Problem details
From the records below, output exactly the lines starting at the line with "Join us in person" and ending at the line with "イラストレーターMATOBA", both of them included, but no pictures.
### Supplied data
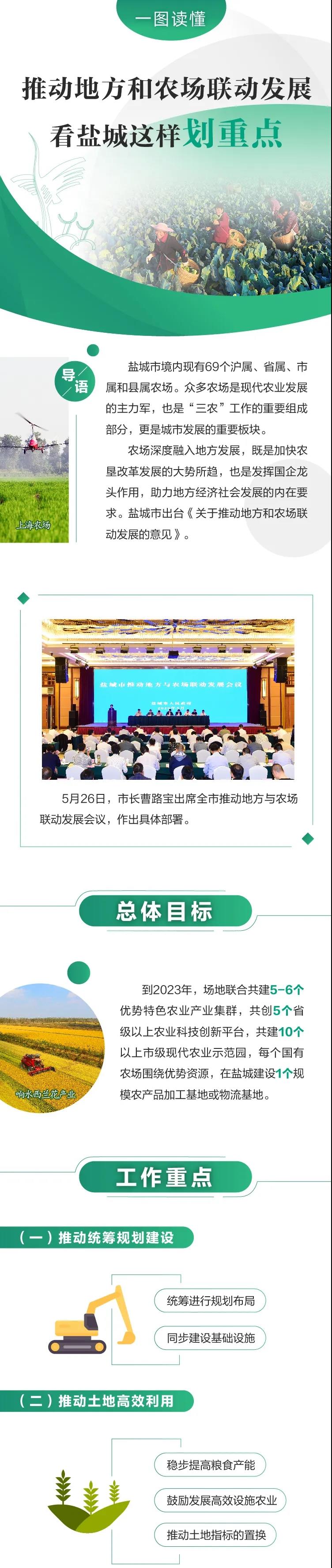 鹽城是長三角27個中心區城市之一,空間大、生態好、農業強,境內現有滬屬、省屬、市屬和縣屬農場共69個。市委市政府高度重視“三農”工作,研究出臺《關于推動地方與農場聯動發展的意見》,加強頂層設計,推動優勢疊加,促進地方與農場聯動發展,實現由農業大市向農業強市轉變。
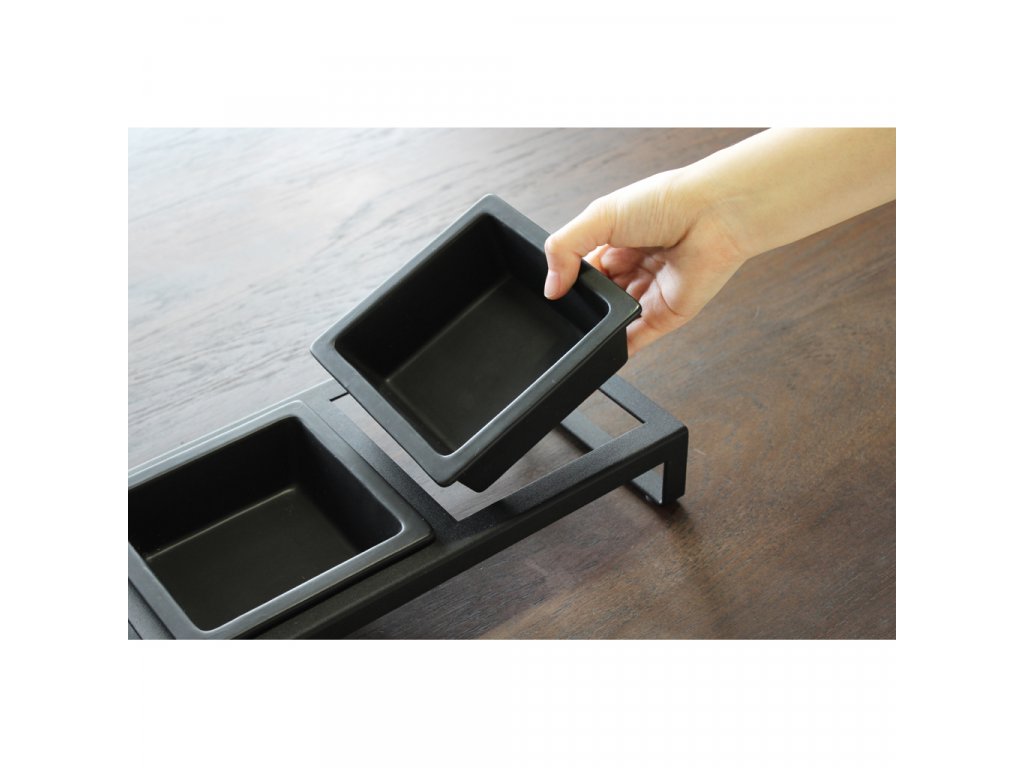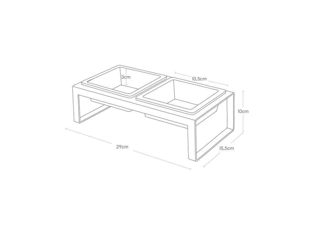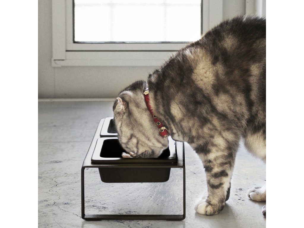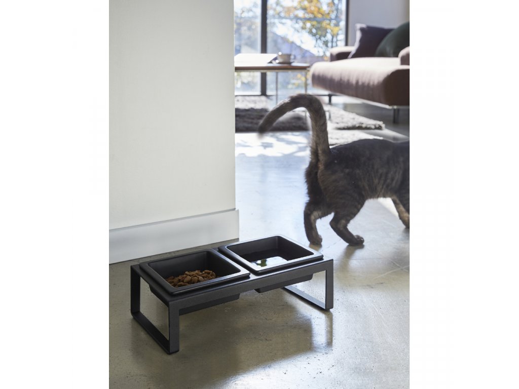 YAMAZAKI Tower - pet misky. Servírovací misky pro domácí mazlíčky. Materiál: lakovaný kov, keramika. Velikost: 10 x 29 x 15 cm (VxŠxH) / objem misky 300 ml.
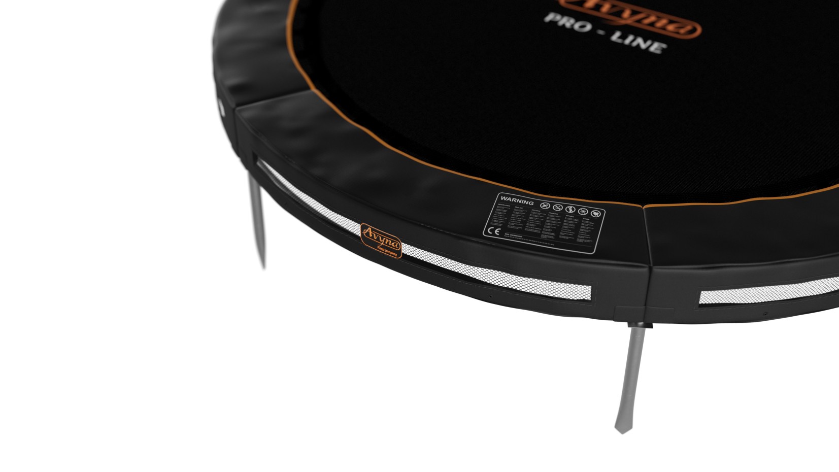 De trampoline heeft stevige lange veren welke bedekt worden door een zwarte beschermingsrand. Terwijl de langere veren zorgen voor uitstekende vering, verzorgt het randkussen de veiligheid van het springen. De Pro-Line is dan ook erg goed afgewerkt en is een echt solide, betrouwbare trampoline. De trampoline is niet alleen ijzersterk, maar heeft ook een lange levensduur.
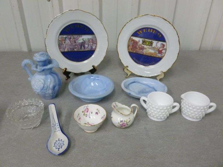 LOT 415 - (2) Collector Porcelain Plates / 1976 Avon Glass Set / Hobnail Milkglass
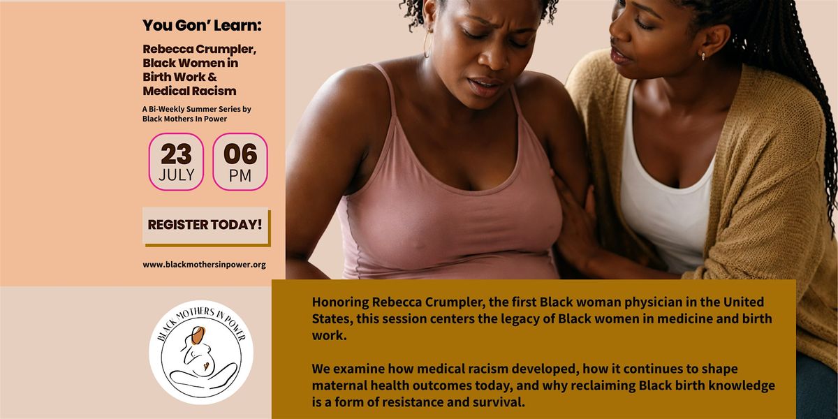 Join us in person for an eye-opening event diving into the incredible legacy of Rebecca Crumpler, the first Black woman doctor in America. We'll explore the powerful role of Black women in birth work and unpack the harsh realities of medical racism. It's a space to learn, reflect, and connect. Don’t miss out on this important conversation!
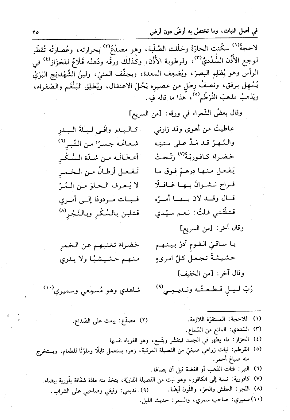 لا حجة سكنت الحازة وحللت الصلبة ، وهو مصدع بحرارته ، وعصارته تقطر لوجع الأذن السٌّدٌديّ ، ولرطوبة الأذن وكذلك ورقه ودهنه قلاع للحزاز في الرأس وهو يظلم البصر ، ويضعف المعدة ، ويجفف المنى ، ولبن الشَّهْدانِج البري يسهل برفق ، ونصف رطل من عصيره يحل الاعتقال ، ويطلق البلغم والصفراء ، ويذهب مذهب الِقٌرِطٌم ، هذا ما قاله فيه . وقال بعض الشعراء في ورقه :
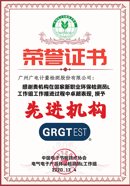 廣州廣電計量檢測股份有限公司(簡稱廣電計量)作為中國 RoHS 標準工作組技術成員單位及中國電子節能技術協會電器電子綠色制造專委會副主任委員單位,出席此次培訓班及國家新職業工作組推進實施工作會議,獲頒“電氣電子產品環保檢測員 L”工作組“先進機構”榮譽稱號。
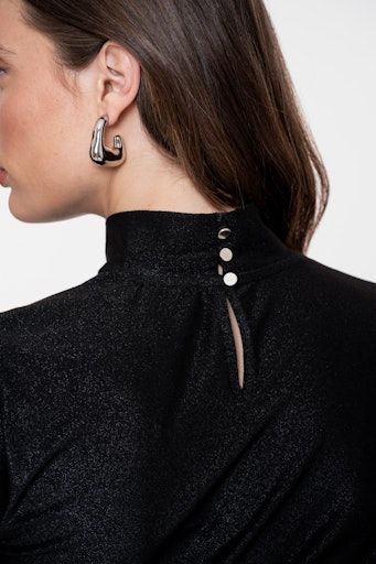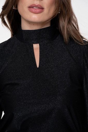Fit: Aangesloten pasvormKraag: ChokerneckMouwen: Subtiele pofmouwen met smalle cuffsPrint: LurexDetails: Valt op de heupModel is 176cm lang en draagt maat S/36Artikelnummer: 52564-47Materiaal80% polyester , 15% metallic fiber , 5% elasthane
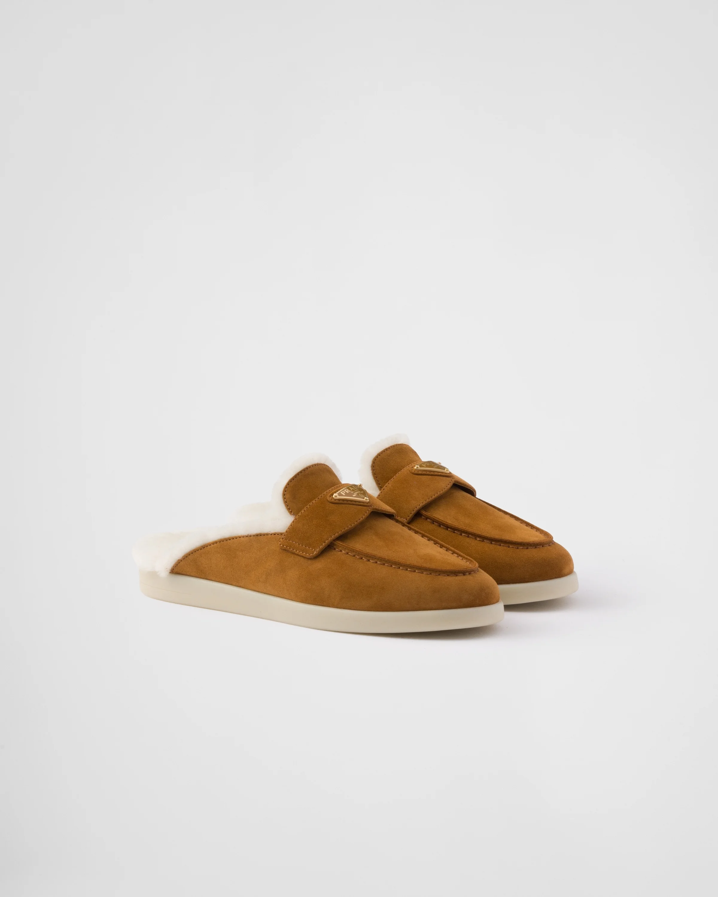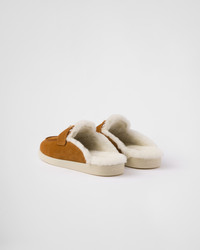 These suede slippers with a sleek, modern silhouette are completed by a soft shearling lining. - Product code: 1D270N_3LPM_F0046_F_ZB25 - Upper with leather band - Enameled metal triangle logo - Rubber sole, 25 mm - Triangle-patterned tread - Imported MATERIALS Main material: Calfskin
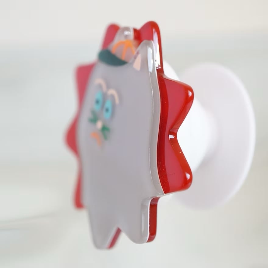 イラストレーターMATOBA YUKOさんとSALAHがコラボレーションした、遊び心あふれるスマートフォン用グリップ。猫のカツオ君のどこか不機嫌そうなユニークな表情と、存在感のあるデザインが手元に個性をプラスします。野球帽をかぶったカツオ君のモチーフが、日常にポップなユーモアを添えます。
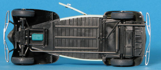 After installing the front seats, the body was glued in place, followed by the grille section. Tamiya provides prominent pins on the chassis section to be sure you get things properly aligned. Then went on the bumpers. Fit here is fairly good, but not perfect. On the underside, I glued on the exhaust system. This left only some fiddly bits. This included the door handles, trunk handles, license plate holder and the windscreen wipers. The instructions show them straight up and down, which is how I installed mine, but they perhaps should be over to one side. I'd move mine, but got some glue under one so that pretty well takes care of that situation. The tail lights were painted white than red. Gas cap glued in place and I glued one door shut by putting a bit on the hinge so that I could change my mind if I wanted. The driver's door was left open. I didn't use the driver. A bit of paint touchup and I was done.
######
Exercise solution
 Join us in person for an eye-opening event diving into the incredible legacy of Rebecca Crumpler, the first Black woman doctor in America. We'll explore the powerful role of Black women in birth work and unpack the harsh realities of medical racism. It's a space to learn, reflect, and connect. Don’t miss out on this important conversation!
 لا حجة سكنت الحازة وحللت الصلبة ، وهو مصدع بحرارته ، وعصارته تقطر لوجع الأذن السٌّدٌديّ ، ولرطوبة الأذن وكذلك ورقه ودهنه قلاع للحزاز في الرأس وهو يظلم البصر ، ويضعف المعدة ، ويجفف المنى ، ولبن الشَّهْدانِج البري يسهل برفق ، ونصف رطل من عصيره يحل الاعتقال ، ويطلق البلغم والصفراء ، ويذهب مذهب الِقٌرِطٌم ، هذا ما قاله فيه . وقال بعض الشعراء في ورقه :
 廣州廣電計量檢測股份有限公司(簡稱廣電計量)作為中國 RoHS 標準工作組技術成員單位及中國電子節能技術協會電器電子綠色制造專委會副主任委員單位,出席此次培訓班及國家新職業工作組推進實施工作會議,獲頒“電氣電子產品環保檢測員 L”工作組“先進機構”榮譽稱號。
Fit: Aangesloten pasvormKraag: ChokerneckMouwen: Subtiele pofmouwen met smalle cuffsPrint: LurexDetails: Valt op de heupModel is 176cm lang en draagt maat S/36Artikelnummer: 52564-47Materiaal80% polyester , 15% metallic fiber , 5% elasthane
 These suede slippers with a sleek, modern silhouette are completed by a soft shearling lining. - Product code: 1D270N_3LPM_F0046_F_ZB25 - Upper with leather band - Enameled metal triangle logo - Rubber sole, 25 mm - Triangle-patterned tread - Imported MATERIALS Main material: Calfskin
 イラストレーターMATOBA YUKOさんとSALAHがコラボレーションした、遊び心あふれるスマートフォン用グリップ。猫のカツオ君のどこか不機嫌そうなユニークな表情と、存在感のあるデザインが手元に個性をプラスします。野球帽をかぶったカツオ君のモチーフが、日常にポップなユーモアを添えます。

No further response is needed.